Monday, October 4, 2010

Changing Seasons


I always feel introspective around my birthday season, and this year was no exception. I had a good birthday weekend, complete with flowers and dinner from David, a family party, a happy phone call from my daughter Lara in Mexico, and two grandchildren (Gabby, 8, and Brad, 4) who spent the weekend with us. I couldn't have asked for better.

I had lunch with a friend last week. We talked about the way our lives are so different from what we envisioned when we were young. She asked me if I would change any major decisions that I have made.

It made me pause for a few minutes and think back over the years. I was very idealistic when I was young; I also didn't have a clear picture of what it was I wanted to do besides being a wife and mother. I have often thought that if I had had any idea of what was ahead for me I would have run the other way. But then I would have missed out on choice experiences; so no, I wouldn't change anything:
* Leaving school to work full-time (well, maybe that one); but that was when I met my first husband.
* Marrying my first husband. As difficult as it was because of circumstances and personality conflicts, I still learned important lessons about myself and life, and gained three amazing and precious children in the bargain.
*Divorcing that first husband. No, it needed to be that way for both of us to grow and move on. Twenty-five years later we have a good relationship. So, there again, no real regrets.
* Marrying David. I can't imagine life without him and the blended family we worked so hard to create, including the three children he came with and the two that we had together. Each one is important and loved. And while it hasn't been easy by any stretch of the imagination, the last 24 years with him have been worth it.

The first week of April and October has traditionally been incredibly hectic with preparing the conference edition of the magazine. Because of changing technology and a streamlined schedule I have been freed of post-conference work; that means my life isn't put on hold for two weeks and I can do my regular work assignments. While I am not sorry for the change (28 years of running at a breakneck pace for two weeks is plenty!), I do feel slightly displaced. It's part of a cycle of change that happens in life, and I'm seeing that cycle of change happen more and more often at work lately: A dear friend that I enjoyed working with for 27 years retired on my birthday; news came recently of health problems that a good friend and former coworker is dealing with; hearing about the unexpected passing of another respected friend and former coworker. When I went to the retirement party for my friend I saw a number of friends, and thought back over the years. I realize that I have been truly blessed to work for the magazines and have been taught by masters in the field of editing and journalism. I can only hope to be as truly talented as they are.

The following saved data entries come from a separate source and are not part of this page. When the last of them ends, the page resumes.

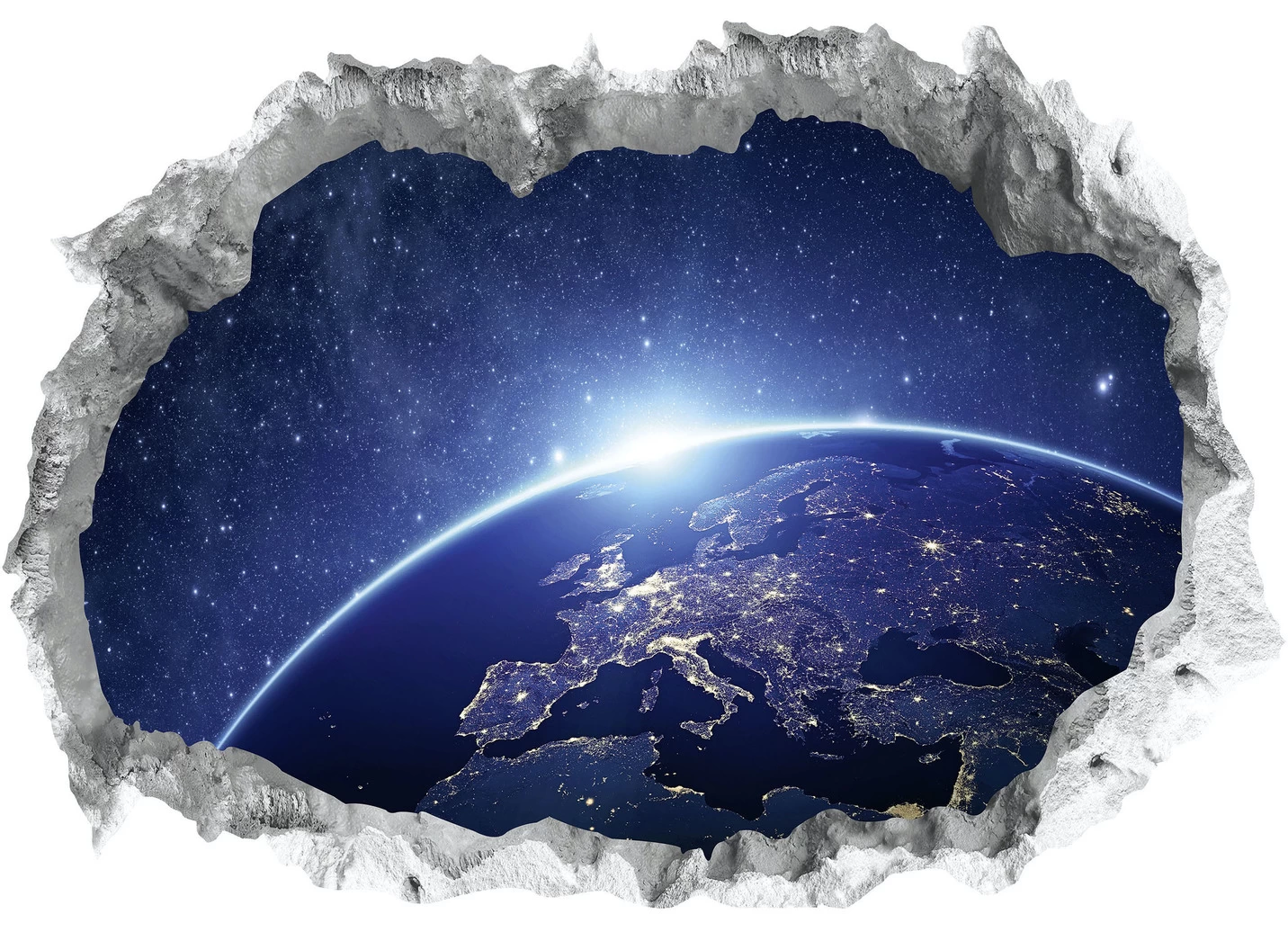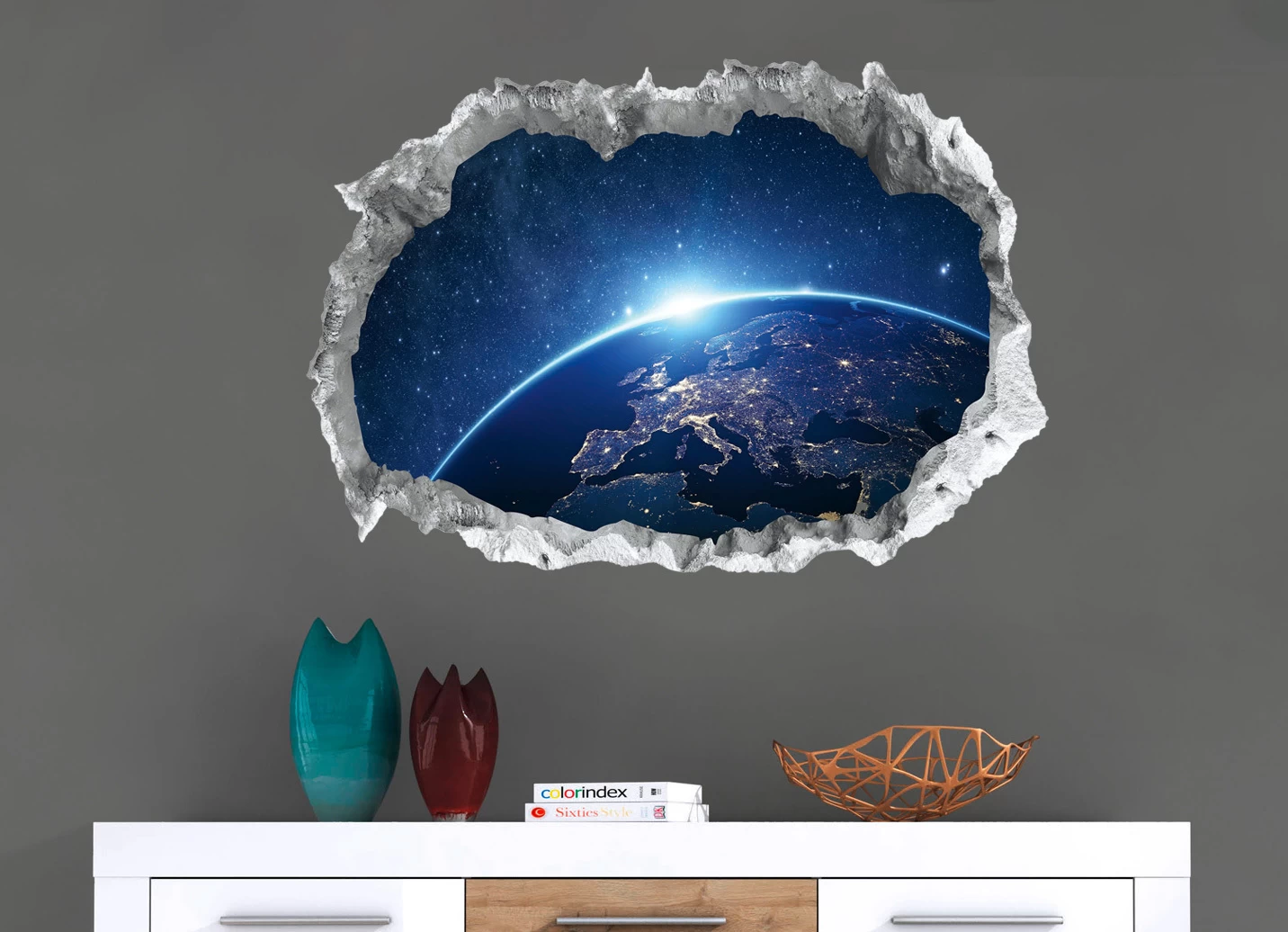 Holen Sie sich Ihr Lieblingsmotiv in Ihr Zuhause! mit dies tollen Wand-Tattoos sieht es so aus, als würde durch den Wanddurchbruch eine andere Welt im Hintergrund auftauchen.
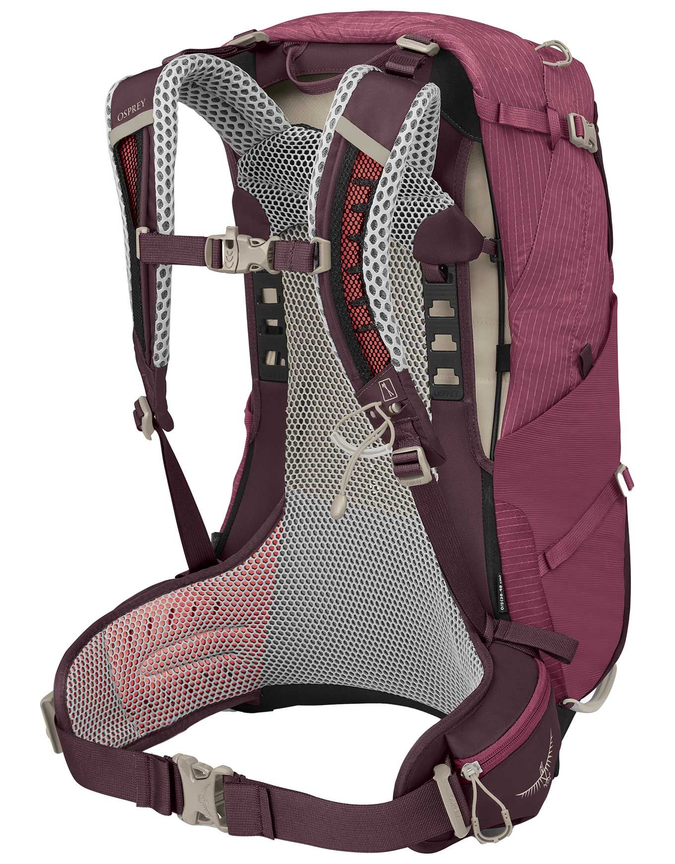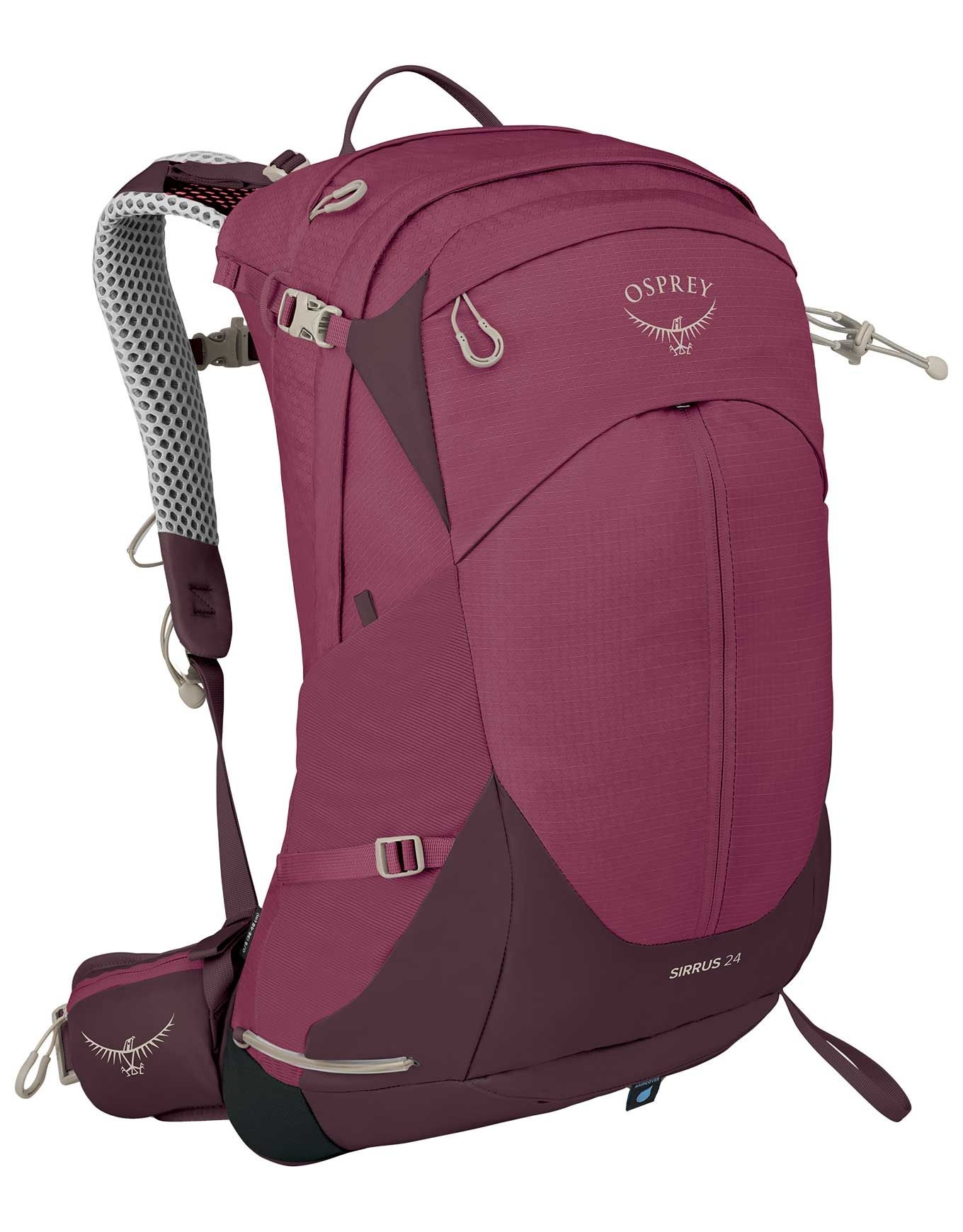 Sac à dos de randonnée Osprey Sirrus 24 pour femme, 24 L, système dorsal AirSpeed ajustable pour un confort maximal même lourd chargé et par temps chaud. Housse de pluie amovible, fixation Stow-on-the-Go pour bâtons, poche à eau 3 L, poche casque et ceinture avec poches zippées.
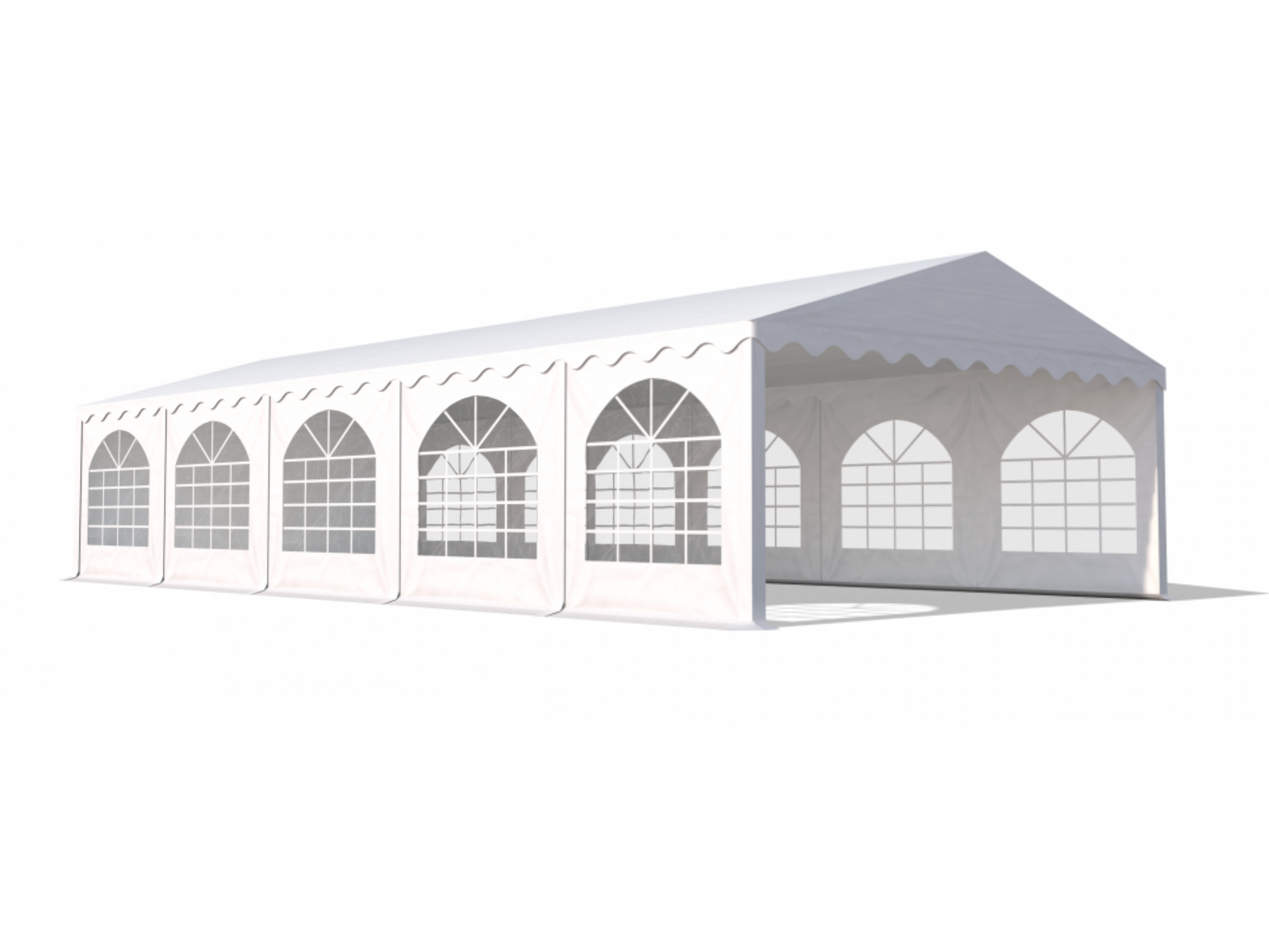 Et værbestandig telt med vegger og tak av polyeten. Dette teltet beskytter deg mot både stekende sol og grusom vind og regnvær. Veggene på langsidene har sprosser som gir teltet en stilig og luksuriøs stil.
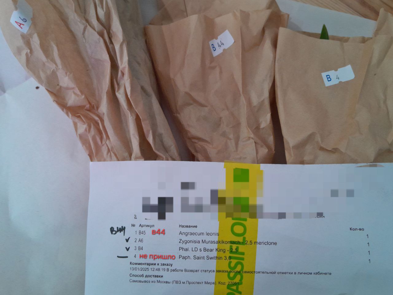 2 заказа, 4 растения:

David took me for a long ride this last weekend to celebrate the changing season, both in nature as well as at work. I enjoyed the fall colors in the mountains, the sleepy towns that we drove through, and the quiet conversation between us. His mood has been fairly stable, although he struggled at times last week with some depression. When he was manic earlier in the month he decided that he wanted to buy a harley-davidson motorcycle. I wasn't happy with the idea, but eventually told him that I would support him if he did. I also told him that I was not willing or able to cosign on a loan for one. He was sad when he couldn't get the financing, and I did my best not to be too happy about not acquiring a motorcycle. Happily, he's working through the disappointment.

He also decided to put together a fishing pontoon made of pvc pipe and styrofoam while he was manic, and he's been working hard at finishing his project. I think that part of the problem is that he doesn't have enough to keep him busy; having something to work on helps keep him stable. I'm hoping we can find something more for him to do this fall and winter.